* What you have to do: Retype the line where "1、打开Picsew长拼图A" appears and each line that follows it down to the last line of the records below. Leave the pictures out.

(Source data)
════════════════════
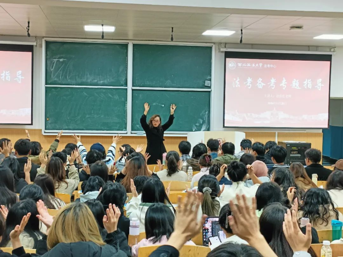 赵彦红以法律职业的发展方向为切入点,深入分析了当前的就业形式,深刻阐释了法考对于同学们职业生涯的重要性,让同学们对法考有了更为清晰、全面的认识。她与同学们积极互动,激励大家要以饱满的热情和坚定的决心去迎接备考路上的挑战。随后,她通过深入解读国家相关法考政策,向同学们详细介绍了法考流程、考试内容、及答题技巧,为同学们指明了复习备考的方向,帮助大家在未来的备考道路上精准发力,制定科学的复习计划,提高备考效率。
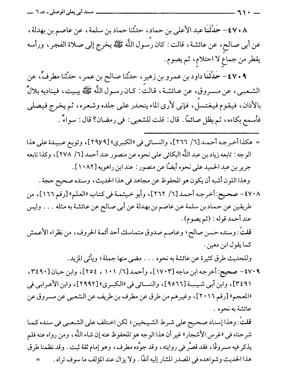 ٤٧٠٨ - صحيح: أخرجه أحمد [٦/ ٢٦٢]، وأبو خيثمة في كتاب "العلم" [رقم ١٦٦]، من طريقين عن حماد بن سلمة عن عاصم بن بهدلة عن أبى صالح عن عائشة به مثله ... وليس عند أحمد قوله: (ثم يصوم).
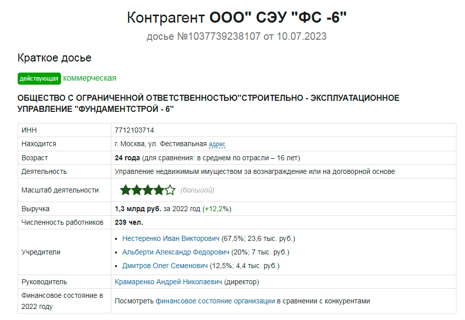 Ничего нового не увидел. УК , которая в Котельниках - у нее уставной капитал 10 млн руб. и в арбитраже с 2021 года всего 10 дел.
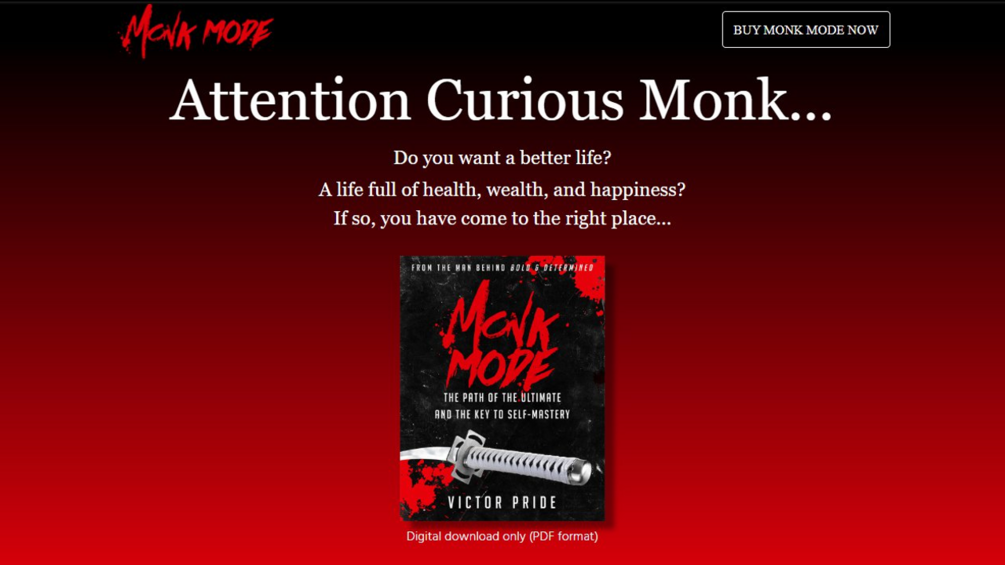 Monk Mode is designed to enlighten you and wake up your eyes to reality and to wake your soul up to achievement.
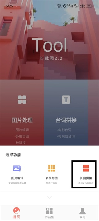 1、打开Picsew长拼图App,在功能选项里挑选【图片处理】或者【长图拼接】。
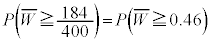 無作為に選ばれた400人のうち、184人が合格者であった。いま、帰無仮説が正しいと仮定する。標本の大きさ
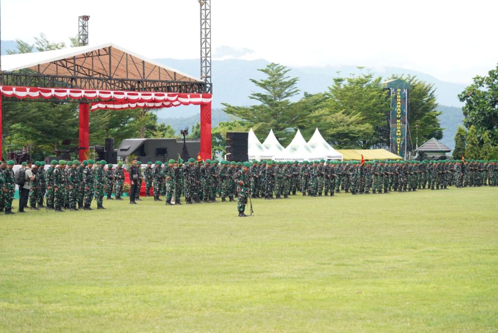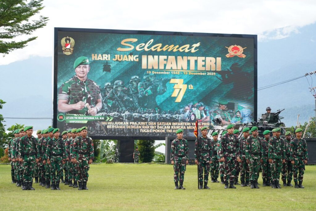 MANOKWARI, Cakra101.com – Hari Juang Infanteri merupakan momentum bersejarah untuk meneguhkan jati diri prajurit Infanteri sebagai garda terdepan TNI Angkatan Darat yang profesional, tangguh, dan manunggal dengan rakyat. Hari Juang Korps Infanteri ke-77 dilaksanakan di Lapangan Markas Kodam XVIII/Kasuari, Jumat (19/12/2025).
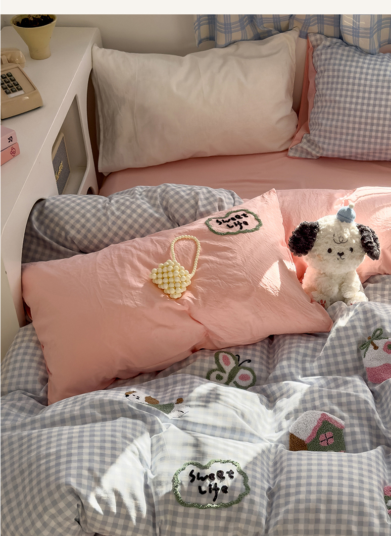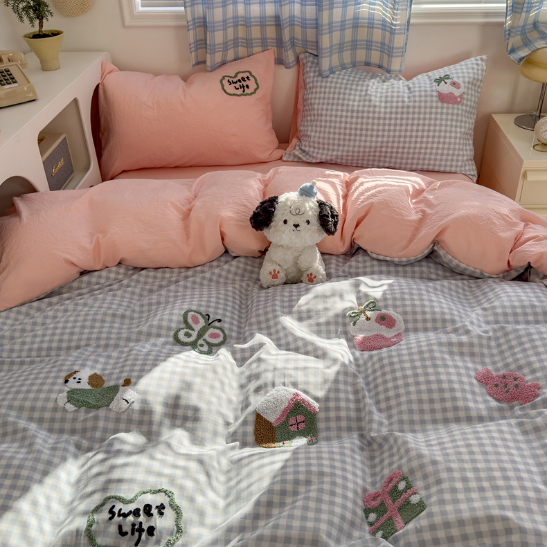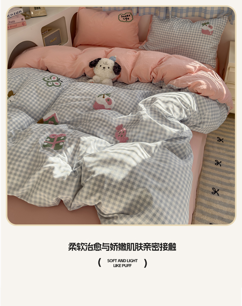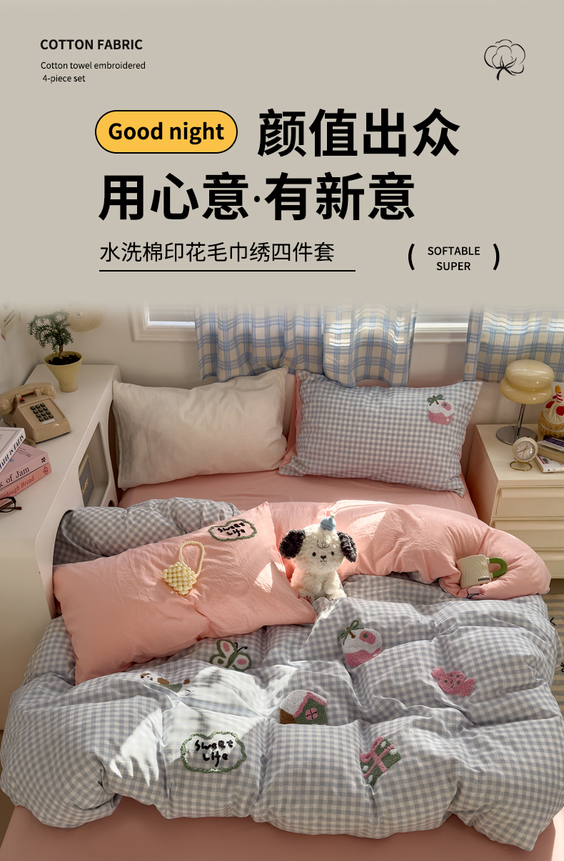 当前位置: 91家纺网 > 商品网购 > 床品套件 > 四件套 > 水洗棉四件套 > 优兰朵 2025新款亲肤卡通水洗棉毛巾绣学生床品四件套 甜梦俱乐部蓝
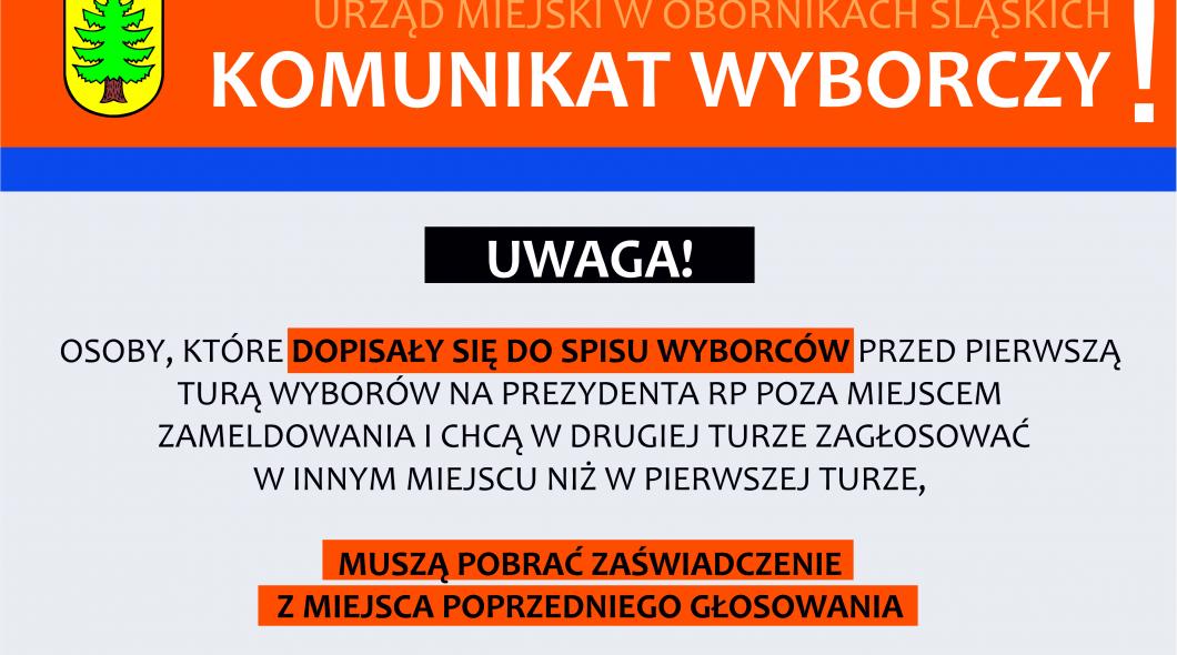 Komunikat wyborczy! | Oficjalny serwis Gminy Oborniki Śląskie
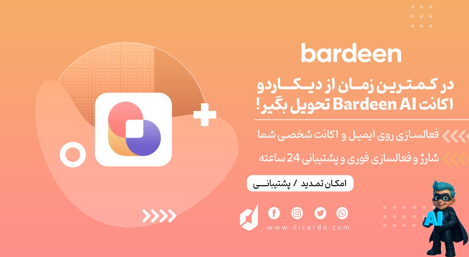 دیکاردو صرفاً به عنوان یک تأمینکننده (Provider) و فعالکننده رسمی سرویسها و اشتراکها فعالیت میکند. هدف ما این است که کاربران بتوانند با هزینهای کمتر و بهصرفهتر، به خدمات بینالمللی و اشتراکهای حرفهای مانند Cursor، Adobe، Google Workspace,اکانتهای پرمیوم و دیگر پلتفرمها دسترسی پیدا کنند.
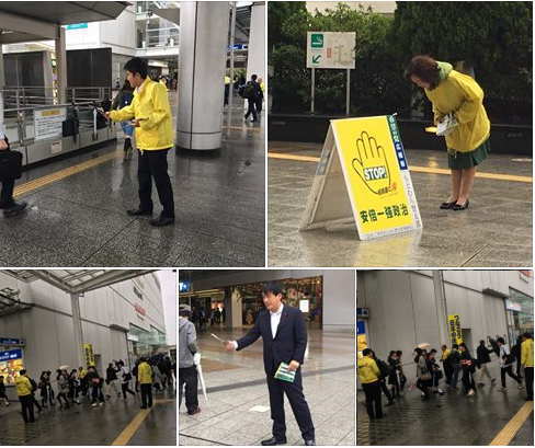 古淵駅街頭にて相模原地域連合の街頭活動に参加。有期労働契約や派遣などを
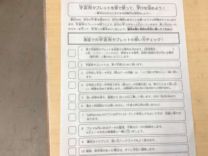 本日、A3サイズの「夏季休業中の学習用タブレットの持ち帰りについて(お願い)」、A4サイズの家庭保管用、同じくA4サイズのチェック表の3枚が配られました。
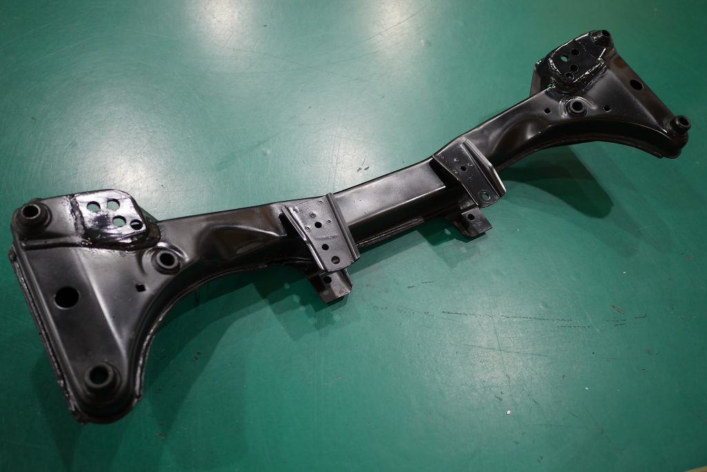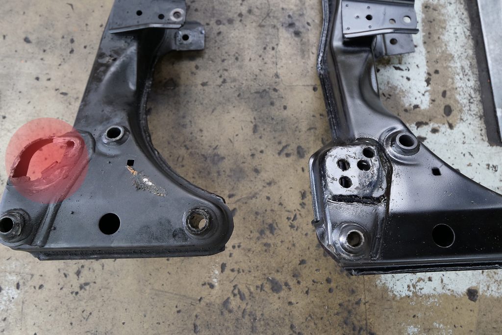 さらに整備の途中で発見されたのが、フロントメンバーの破損。走りのマシンで、この年代生まれとなると、このようなクラックなどはそこそこ発見される症状ですが、今回は左右ともに欠け落ちてしまっている状態でした(^_^;)。もちろんこの部品も新品は入手不可…。それでも代替部品を探し出し、板金補強を施すことで無事交換することができました。
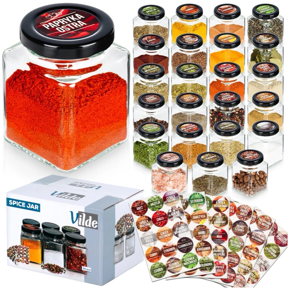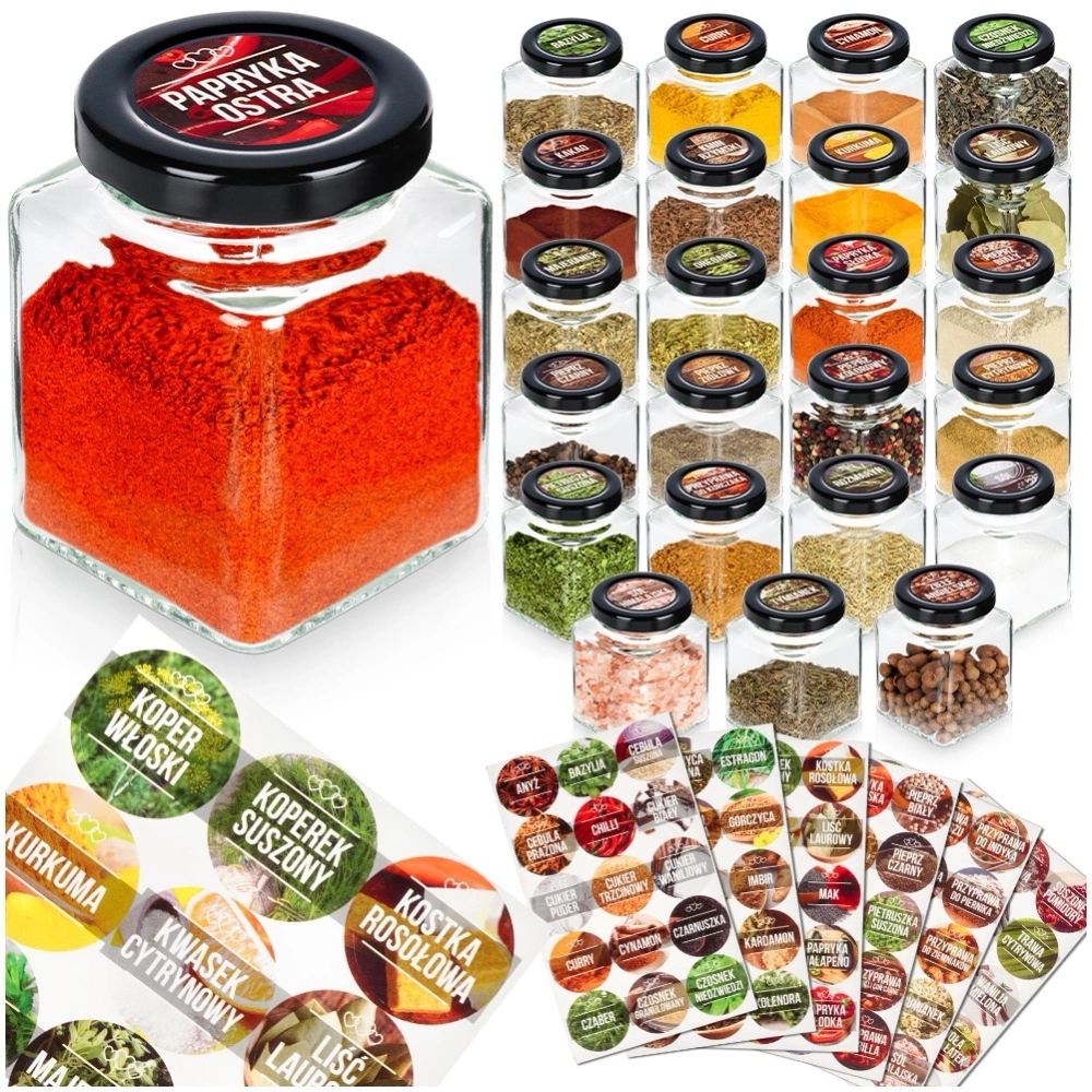 - Zestaw zawiera 24 słoiczki do przypraw i ziół oraz 90 naklejek ułatwiających oznaczanie zawartości. Pojemniki wykonane ze szkła, a pokrywki z metalu w czarnym kolorze.
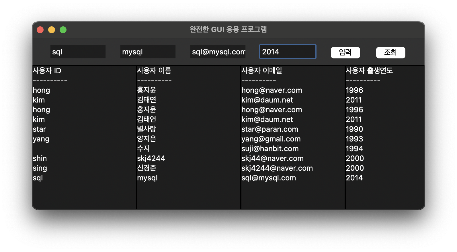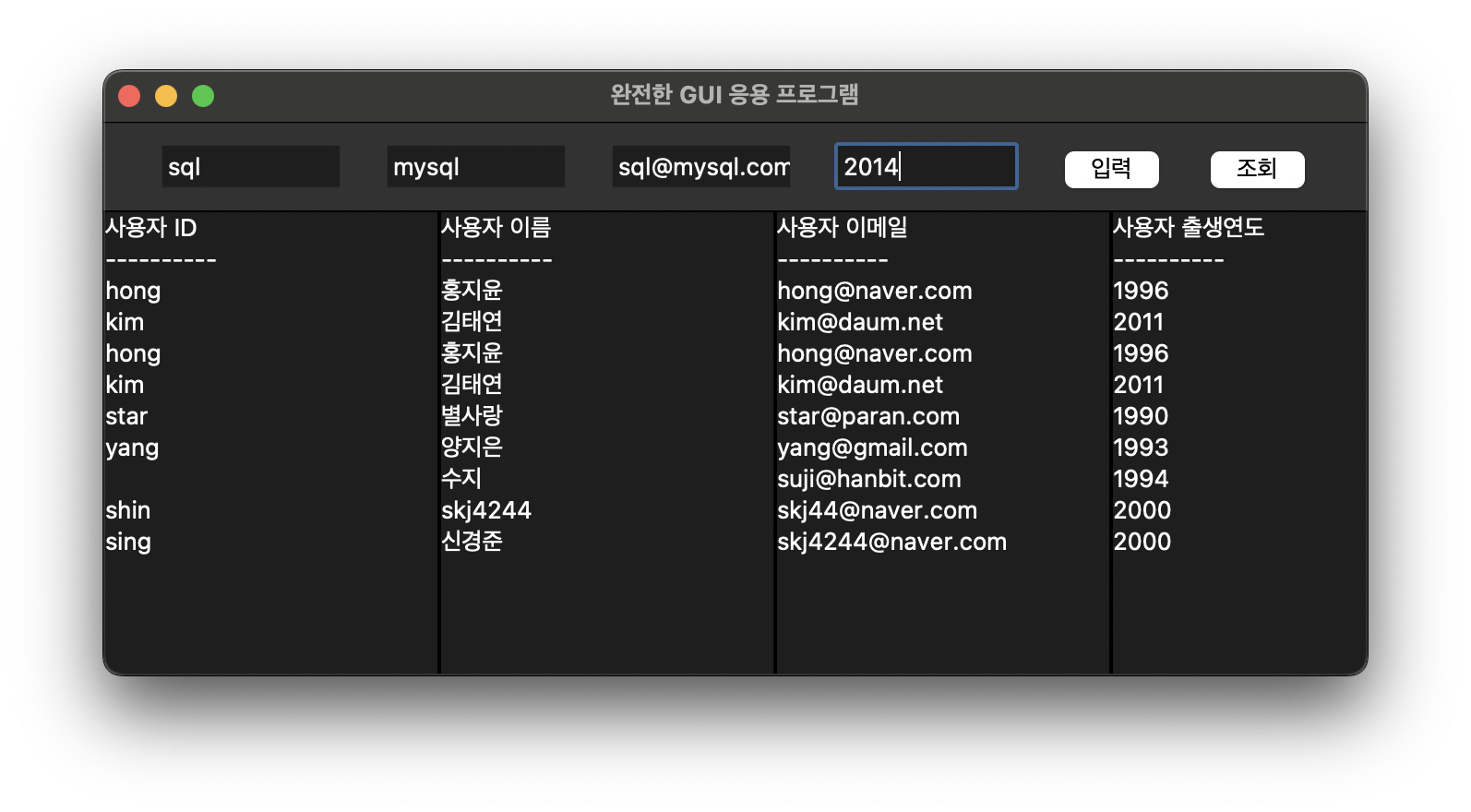 이러한 팝업창이 뜨고, OK를 누른 뒤 다시 조회 버튼을 누르면 아래와 같이 정상적으로 데이터가 입력됨을 볼 수 있었습니다.
════════════════════
* Answer section:
 1、打开Picsew长拼图App,在功能选项里挑选【图片处理】或者【长图拼接】。
 無作為に選ばれた400人のうち、184人が合格者であった。いま、帰無仮説が正しいと仮定する。標本の大きさ
 MANOKWARI, Cakra101.com – Hari Juang Infanteri merupakan momentum bersejarah untuk meneguhkan jati diri prajurit Infanteri sebagai garda terdepan TNI Angkatan Darat yang profesional, tangguh, dan manunggal dengan rakyat. Hari Juang Korps Infanteri ke-77 dilaksanakan di Lapangan Markas Kodam XVIII/Kasuari, Jumat (19/12/2025).
 当前位置: 91家纺网 > 商品网购 > 床品套件 > 四件套 > 水洗棉四件套 > 优兰朵 2025新款亲肤卡通水洗棉毛巾绣学生床品四件套 甜梦俱乐部蓝
 Komunikat wyborczy! | Oficjalny serwis Gminy Oborniki Śląskie
 دیکاردو صرفاً به عنوان یک تأمینکننده (Provider) و فعالکننده رسمی سرویسها و اشتراکها فعالیت میکند. هدف ما این است که کاربران بتوانند با هزینهای کمتر و بهصرفهتر، به خدمات بینالمللی و اشتراکهای حرفهای مانند Cursor، Adobe، Google Workspace,اکانتهای پرمیوم و دیگر پلتفرمها دسترسی پیدا کنند.
 古淵駅街頭にて相模原地域連合の街頭活動に参加。有期労働契約や派遣などを
 本日、A3サイズの「夏季休業中の学習用タブレットの持ち帰りについて(お願い)」、A4サイズの家庭保管用、同じくA4サイズのチェック表の3枚が配られました。
 さらに整備の途中で発見されたのが、フロントメンバーの破損。走りのマシンで、この年代生まれとなると、このようなクラックなどはそこそこ発見される症状ですが、今回は左右ともに欠け落ちてしまっている状態でした(^_^;)。もちろんこの部品も新品は入手不可…。それでも代替部品を探し出し、板金補強を施すことで無事交換することができました。
 - Zestaw zawiera 24 słoiczki do przypraw i ziół oraz 90 naklejek ułatwiających oznaczanie zawartości. Pojemniki wykonane ze szkła, a pokrywki z metalu w czarnym kolorze.
 이러한 팝업창이 뜨고, OK를 누른 뒤 다시 조회 버튼을 누르면 아래와 같이 정상적으로 데이터가 입력됨을 볼 수 있었습니다.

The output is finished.